Due to the lack of relevant data, the Russian system of drawing the lists of insects included in the national and regional Red Data Books, and thus legally protected, has long been based on subjective expert assessments. The system has been widely criticised for both listing some charismatic species under no particular threat as well as for omitting others which deserved to be conserved but simply do not attract adequate expert attention. The recently proposed use of sozological analysis for prioritising species appears a promising solution in this respect. The clearcut quantitative criteria of the IUCN may be very well-grounded in the scientific theory, but they are often difficult to be applied in practice because of data shortage (Mace et al. 2008). In turn, sozological analysis relying on qualitative ranking system can be applied for data-deficient species, but it still remains an unbiased rule-based procedure. Moreover, it is relatively flexible and can be easily adjusted, e.g. through removing certain criteria, adding new ones, or modifying their weights, if the conservation priorities change. This may be helpful in the ongoing process of regionalisation of the lists of conservation concern species, which is indeed highly recommendable for an extensive and diverse country like Russia.

Unfortunately, declaring the status of legally protected species is often the end, and not the beginning of conservation efforts in the Russian reality. There is a strong focus on the passive protection of the species themselves, and not on the active preservation of their habitats.
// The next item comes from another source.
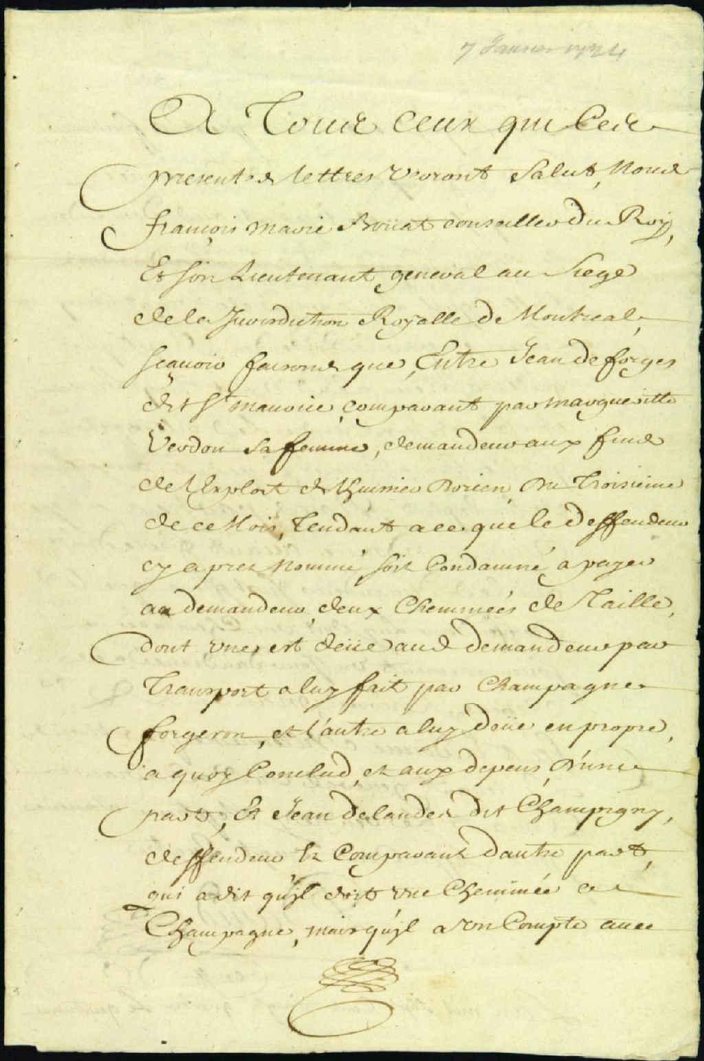 - Procès entre Jean Desforges dit Saint-Maurice, époux de Verdon, demandeur, et Jean Deslandes dit Champigny, défendeur, pour le paiement d'une cheminée en pierre

Such an approach may occasionally work in the conservation of some large vertebrates, for which direct extermination by humans is the main driver of decline, but it is not effective for insects, usually associated with particular habitat types, many of which require continuous management to persist (Fenner and Palmer 1998; Bubova et al. 2015). A noteworthy exception in the predominantly passive insect conservation in Russia are the entomological microreserves dedicated to some insect groups. Promoting this form of nature protection areas is not only highly recommendable for Russia, but it also seems a potentially useful solution for many other countries.